### [What is expected]
How do the records below read from their first line through the line containing "Ramfis Trujillo en"? Write those lines out exactly.
——
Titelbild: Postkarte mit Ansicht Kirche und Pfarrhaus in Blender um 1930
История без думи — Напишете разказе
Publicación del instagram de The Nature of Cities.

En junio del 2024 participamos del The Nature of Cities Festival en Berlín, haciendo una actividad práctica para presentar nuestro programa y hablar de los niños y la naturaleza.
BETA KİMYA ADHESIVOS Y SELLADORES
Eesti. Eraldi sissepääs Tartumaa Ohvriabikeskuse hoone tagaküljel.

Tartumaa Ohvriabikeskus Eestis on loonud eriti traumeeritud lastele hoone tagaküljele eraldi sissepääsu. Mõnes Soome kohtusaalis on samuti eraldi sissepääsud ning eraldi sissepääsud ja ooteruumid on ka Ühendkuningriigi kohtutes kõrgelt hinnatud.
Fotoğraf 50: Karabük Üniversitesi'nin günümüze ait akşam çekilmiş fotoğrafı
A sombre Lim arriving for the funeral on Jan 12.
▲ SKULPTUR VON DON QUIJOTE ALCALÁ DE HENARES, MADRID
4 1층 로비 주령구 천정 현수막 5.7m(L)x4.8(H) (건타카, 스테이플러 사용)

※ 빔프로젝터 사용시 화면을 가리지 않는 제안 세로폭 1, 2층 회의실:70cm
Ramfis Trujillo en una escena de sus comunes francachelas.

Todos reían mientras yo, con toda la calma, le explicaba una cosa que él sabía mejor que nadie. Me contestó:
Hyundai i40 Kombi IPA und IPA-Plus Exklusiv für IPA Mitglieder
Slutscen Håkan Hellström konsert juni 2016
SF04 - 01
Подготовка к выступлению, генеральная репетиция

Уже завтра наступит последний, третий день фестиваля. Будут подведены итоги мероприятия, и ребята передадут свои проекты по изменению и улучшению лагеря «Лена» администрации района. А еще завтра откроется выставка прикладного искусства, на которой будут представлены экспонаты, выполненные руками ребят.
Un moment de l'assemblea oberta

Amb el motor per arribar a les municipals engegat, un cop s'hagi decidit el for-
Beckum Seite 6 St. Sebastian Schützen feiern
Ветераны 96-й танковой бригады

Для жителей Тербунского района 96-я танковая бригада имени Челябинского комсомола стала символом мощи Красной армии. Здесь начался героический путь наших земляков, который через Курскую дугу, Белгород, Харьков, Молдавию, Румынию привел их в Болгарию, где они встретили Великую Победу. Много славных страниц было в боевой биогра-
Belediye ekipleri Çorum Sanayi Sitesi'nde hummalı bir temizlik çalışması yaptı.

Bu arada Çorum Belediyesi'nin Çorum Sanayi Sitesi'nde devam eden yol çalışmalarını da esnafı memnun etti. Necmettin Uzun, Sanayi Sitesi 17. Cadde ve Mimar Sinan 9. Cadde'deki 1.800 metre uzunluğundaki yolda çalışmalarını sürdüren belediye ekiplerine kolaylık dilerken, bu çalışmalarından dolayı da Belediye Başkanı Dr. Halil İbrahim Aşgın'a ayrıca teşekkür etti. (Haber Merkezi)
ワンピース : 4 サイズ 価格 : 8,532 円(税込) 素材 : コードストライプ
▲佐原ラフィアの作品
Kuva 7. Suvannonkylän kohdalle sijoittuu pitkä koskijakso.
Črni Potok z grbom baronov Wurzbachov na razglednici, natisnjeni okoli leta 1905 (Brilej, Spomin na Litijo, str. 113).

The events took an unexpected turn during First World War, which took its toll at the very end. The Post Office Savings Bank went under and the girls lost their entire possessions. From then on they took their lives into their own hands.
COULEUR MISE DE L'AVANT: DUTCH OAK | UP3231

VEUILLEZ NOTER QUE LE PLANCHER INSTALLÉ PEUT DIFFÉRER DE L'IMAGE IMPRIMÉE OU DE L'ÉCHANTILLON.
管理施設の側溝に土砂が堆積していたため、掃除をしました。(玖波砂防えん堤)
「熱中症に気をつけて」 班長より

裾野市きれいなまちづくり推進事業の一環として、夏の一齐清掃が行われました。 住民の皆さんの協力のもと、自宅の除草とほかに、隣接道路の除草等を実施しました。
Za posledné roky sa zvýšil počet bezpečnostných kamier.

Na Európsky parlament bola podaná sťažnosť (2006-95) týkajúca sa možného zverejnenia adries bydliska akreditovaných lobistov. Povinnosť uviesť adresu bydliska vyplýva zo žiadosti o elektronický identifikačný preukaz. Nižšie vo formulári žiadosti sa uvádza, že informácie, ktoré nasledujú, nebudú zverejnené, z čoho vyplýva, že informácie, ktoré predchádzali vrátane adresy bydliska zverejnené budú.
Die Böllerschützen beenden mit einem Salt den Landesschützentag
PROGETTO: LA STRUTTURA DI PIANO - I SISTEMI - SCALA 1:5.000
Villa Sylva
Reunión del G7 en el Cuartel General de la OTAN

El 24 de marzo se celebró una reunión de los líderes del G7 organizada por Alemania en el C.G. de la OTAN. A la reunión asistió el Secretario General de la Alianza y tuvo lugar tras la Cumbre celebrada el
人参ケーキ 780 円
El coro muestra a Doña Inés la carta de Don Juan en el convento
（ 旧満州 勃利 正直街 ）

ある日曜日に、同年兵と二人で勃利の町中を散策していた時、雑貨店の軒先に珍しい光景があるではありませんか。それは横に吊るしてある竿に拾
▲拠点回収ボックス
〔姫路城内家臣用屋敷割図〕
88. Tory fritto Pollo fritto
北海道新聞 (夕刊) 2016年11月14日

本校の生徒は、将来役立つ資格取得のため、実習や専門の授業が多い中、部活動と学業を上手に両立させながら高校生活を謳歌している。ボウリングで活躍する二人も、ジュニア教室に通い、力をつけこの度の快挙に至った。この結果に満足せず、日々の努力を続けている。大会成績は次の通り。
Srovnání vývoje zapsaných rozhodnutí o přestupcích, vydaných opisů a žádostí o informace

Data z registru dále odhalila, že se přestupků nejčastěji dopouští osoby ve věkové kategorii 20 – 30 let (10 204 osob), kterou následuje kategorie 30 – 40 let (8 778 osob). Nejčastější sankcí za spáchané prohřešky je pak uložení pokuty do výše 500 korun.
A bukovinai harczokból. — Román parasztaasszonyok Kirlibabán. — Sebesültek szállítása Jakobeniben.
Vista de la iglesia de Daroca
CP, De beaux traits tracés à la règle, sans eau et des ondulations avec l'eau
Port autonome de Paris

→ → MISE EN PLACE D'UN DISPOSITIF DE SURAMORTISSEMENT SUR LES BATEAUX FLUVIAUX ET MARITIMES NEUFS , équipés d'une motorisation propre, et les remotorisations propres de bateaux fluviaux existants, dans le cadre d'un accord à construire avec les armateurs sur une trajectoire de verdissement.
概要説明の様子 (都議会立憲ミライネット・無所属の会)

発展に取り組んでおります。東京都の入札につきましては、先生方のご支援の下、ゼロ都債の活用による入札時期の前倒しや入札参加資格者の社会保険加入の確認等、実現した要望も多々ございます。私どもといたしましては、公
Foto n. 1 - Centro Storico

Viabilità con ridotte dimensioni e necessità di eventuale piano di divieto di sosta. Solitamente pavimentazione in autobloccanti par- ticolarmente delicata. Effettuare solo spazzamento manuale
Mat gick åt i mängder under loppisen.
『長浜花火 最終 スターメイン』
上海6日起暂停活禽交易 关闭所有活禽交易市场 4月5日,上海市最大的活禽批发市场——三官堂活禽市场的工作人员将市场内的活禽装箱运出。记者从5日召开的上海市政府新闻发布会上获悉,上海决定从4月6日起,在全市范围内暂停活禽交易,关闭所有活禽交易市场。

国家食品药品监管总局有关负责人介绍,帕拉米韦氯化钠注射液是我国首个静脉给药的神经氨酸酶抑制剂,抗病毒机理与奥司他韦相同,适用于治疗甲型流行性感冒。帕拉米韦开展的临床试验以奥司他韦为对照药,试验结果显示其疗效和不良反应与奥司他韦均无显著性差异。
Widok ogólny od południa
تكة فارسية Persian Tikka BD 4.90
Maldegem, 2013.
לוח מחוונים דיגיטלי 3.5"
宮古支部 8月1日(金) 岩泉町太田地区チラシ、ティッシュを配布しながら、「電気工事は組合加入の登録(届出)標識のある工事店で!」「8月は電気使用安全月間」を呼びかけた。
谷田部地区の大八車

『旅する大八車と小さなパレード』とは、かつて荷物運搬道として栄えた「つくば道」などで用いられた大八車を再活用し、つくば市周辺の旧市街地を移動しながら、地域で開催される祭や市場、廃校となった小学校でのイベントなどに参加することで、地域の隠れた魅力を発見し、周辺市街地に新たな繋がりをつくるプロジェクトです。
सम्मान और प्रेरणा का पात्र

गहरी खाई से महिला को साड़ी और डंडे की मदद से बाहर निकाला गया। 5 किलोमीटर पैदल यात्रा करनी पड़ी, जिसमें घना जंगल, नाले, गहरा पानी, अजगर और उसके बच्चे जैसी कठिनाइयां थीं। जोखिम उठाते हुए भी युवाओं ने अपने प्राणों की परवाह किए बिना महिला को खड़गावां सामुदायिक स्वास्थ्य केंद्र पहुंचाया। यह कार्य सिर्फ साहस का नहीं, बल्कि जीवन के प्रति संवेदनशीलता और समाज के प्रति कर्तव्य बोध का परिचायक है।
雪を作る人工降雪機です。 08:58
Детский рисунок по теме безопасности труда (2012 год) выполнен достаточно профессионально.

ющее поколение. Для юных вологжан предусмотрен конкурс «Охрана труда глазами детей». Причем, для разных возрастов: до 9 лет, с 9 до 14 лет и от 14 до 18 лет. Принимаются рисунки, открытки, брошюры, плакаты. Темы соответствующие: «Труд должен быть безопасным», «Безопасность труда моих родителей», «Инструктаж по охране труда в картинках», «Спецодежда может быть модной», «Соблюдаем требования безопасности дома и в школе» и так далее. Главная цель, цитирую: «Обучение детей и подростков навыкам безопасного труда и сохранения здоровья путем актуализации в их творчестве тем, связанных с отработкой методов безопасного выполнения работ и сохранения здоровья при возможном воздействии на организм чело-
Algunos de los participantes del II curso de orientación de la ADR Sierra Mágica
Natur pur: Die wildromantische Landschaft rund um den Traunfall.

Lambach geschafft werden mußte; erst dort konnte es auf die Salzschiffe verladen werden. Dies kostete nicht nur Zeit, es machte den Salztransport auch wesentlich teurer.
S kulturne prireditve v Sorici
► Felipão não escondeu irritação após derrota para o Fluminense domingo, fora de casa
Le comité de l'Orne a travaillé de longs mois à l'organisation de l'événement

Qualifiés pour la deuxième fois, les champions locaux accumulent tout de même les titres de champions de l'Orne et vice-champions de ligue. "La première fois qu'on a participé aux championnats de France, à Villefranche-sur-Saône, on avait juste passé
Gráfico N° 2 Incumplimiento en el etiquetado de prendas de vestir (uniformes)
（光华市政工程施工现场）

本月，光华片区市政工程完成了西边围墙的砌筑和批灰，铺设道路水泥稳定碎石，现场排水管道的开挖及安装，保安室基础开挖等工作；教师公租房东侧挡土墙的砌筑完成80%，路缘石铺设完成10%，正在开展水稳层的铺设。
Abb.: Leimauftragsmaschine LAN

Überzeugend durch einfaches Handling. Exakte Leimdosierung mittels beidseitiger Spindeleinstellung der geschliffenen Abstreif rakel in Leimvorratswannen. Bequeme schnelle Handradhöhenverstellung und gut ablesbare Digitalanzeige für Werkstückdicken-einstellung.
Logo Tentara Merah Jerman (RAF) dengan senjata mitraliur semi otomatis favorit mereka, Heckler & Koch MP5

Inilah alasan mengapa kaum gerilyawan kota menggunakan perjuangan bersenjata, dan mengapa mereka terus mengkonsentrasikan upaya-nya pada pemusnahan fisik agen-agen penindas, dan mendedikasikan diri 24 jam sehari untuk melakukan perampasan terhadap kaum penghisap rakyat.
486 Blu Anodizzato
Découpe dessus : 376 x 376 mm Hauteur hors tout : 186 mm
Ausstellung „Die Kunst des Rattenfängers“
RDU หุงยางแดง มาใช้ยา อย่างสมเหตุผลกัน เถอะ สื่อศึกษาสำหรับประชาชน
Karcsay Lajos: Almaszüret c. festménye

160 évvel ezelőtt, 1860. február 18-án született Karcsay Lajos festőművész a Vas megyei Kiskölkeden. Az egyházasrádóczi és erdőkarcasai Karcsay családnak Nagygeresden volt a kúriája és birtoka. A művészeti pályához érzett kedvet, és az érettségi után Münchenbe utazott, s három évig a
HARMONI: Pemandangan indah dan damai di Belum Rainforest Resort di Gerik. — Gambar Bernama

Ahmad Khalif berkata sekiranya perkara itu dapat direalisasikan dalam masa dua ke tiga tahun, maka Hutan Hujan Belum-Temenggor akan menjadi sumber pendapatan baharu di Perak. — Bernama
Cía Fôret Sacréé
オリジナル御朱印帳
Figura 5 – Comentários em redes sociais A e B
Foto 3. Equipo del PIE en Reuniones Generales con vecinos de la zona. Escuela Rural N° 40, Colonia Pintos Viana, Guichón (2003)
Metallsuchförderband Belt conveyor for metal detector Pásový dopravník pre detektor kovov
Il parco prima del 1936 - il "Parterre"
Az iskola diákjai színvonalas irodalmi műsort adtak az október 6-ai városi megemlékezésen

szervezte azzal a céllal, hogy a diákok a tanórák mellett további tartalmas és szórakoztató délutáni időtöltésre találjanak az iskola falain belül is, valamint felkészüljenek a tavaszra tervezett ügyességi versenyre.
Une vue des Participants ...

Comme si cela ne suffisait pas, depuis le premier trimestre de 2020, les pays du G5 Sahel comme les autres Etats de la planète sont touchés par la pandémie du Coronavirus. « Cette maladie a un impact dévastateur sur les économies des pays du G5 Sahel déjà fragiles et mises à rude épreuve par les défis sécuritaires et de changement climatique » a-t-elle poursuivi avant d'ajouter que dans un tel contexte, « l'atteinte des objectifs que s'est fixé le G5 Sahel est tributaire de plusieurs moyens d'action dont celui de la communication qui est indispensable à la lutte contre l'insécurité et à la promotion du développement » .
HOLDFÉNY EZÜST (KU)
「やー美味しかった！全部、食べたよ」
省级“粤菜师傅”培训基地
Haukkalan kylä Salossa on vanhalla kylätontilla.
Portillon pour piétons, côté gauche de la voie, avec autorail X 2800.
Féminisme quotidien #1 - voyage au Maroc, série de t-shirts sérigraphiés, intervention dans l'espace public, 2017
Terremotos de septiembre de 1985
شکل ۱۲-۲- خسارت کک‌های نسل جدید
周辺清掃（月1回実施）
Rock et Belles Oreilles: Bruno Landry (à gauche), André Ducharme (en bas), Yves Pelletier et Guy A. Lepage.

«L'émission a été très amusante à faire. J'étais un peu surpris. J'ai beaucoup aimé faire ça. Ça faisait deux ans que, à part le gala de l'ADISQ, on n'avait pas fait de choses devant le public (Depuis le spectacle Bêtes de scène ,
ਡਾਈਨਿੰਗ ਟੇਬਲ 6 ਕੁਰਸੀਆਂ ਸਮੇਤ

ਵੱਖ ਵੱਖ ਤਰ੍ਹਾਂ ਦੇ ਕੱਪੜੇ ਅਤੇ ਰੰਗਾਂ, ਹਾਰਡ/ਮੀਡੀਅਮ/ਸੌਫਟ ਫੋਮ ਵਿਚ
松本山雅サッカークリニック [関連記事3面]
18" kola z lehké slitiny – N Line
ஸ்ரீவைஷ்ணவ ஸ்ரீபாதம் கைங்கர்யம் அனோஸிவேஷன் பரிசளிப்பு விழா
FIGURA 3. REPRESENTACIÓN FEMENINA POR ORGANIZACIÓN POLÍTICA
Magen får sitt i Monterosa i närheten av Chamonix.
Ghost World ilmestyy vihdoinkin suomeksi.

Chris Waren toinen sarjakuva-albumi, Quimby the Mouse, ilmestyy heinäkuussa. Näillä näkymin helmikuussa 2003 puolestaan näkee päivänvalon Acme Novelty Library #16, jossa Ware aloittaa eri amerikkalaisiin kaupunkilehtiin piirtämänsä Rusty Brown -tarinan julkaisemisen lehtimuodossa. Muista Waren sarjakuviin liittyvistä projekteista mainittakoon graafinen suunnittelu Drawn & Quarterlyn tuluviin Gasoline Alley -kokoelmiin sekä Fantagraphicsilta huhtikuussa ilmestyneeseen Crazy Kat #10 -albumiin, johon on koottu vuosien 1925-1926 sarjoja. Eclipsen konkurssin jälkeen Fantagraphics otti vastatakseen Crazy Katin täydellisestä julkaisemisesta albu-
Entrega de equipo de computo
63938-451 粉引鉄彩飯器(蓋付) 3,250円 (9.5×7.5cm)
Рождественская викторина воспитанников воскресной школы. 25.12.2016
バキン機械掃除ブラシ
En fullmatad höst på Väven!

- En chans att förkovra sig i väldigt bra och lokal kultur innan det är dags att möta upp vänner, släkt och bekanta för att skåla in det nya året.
——
### [Your response]
Titelbild: Postkarte mit Ansicht Kirche und Pfarrhaus in Blender um 1930
История без думи — Напишете разказе
Publicación del instagram de The Nature of Cities.

En junio del 2024 participamos del The Nature of Cities Festival en Berlín, haciendo una actividad práctica para presentar nuestro programa y hablar de los niños y la naturaleza.
BETA KİMYA ADHESIVOS Y SELLADORES
Eesti. Eraldi sissepääs Tartumaa Ohvriabikeskuse hoone tagaküljel.

Tartumaa Ohvriabikeskus Eestis on loonud eriti traumeeritud lastele hoone tagaküljele eraldi sissepääsu. Mõnes Soome kohtusaalis on samuti eraldi sissepääsud ning eraldi sissepääsud ja ooteruumid on ka Ühendkuningriigi kohtutes kõrgelt hinnatud.
Fotoğraf 50: Karabük Üniversitesi'nin günümüze ait akşam çekilmiş fotoğrafı
A sombre Lim arriving for the funeral on Jan 12.
▲ SKULPTUR VON DON QUIJOTE ALCALÁ DE HENARES, MADRID
4 1층 로비 주령구 천정 현수막 5.7m(L)x4.8(H) (건타카, 스테이플러 사용)

※ 빔프로젝터 사용시 화면을 가리지 않는 제안 세로폭 1, 2층 회의실:70cm
Ramfis Trujillo en una escena de sus comunes francachelas.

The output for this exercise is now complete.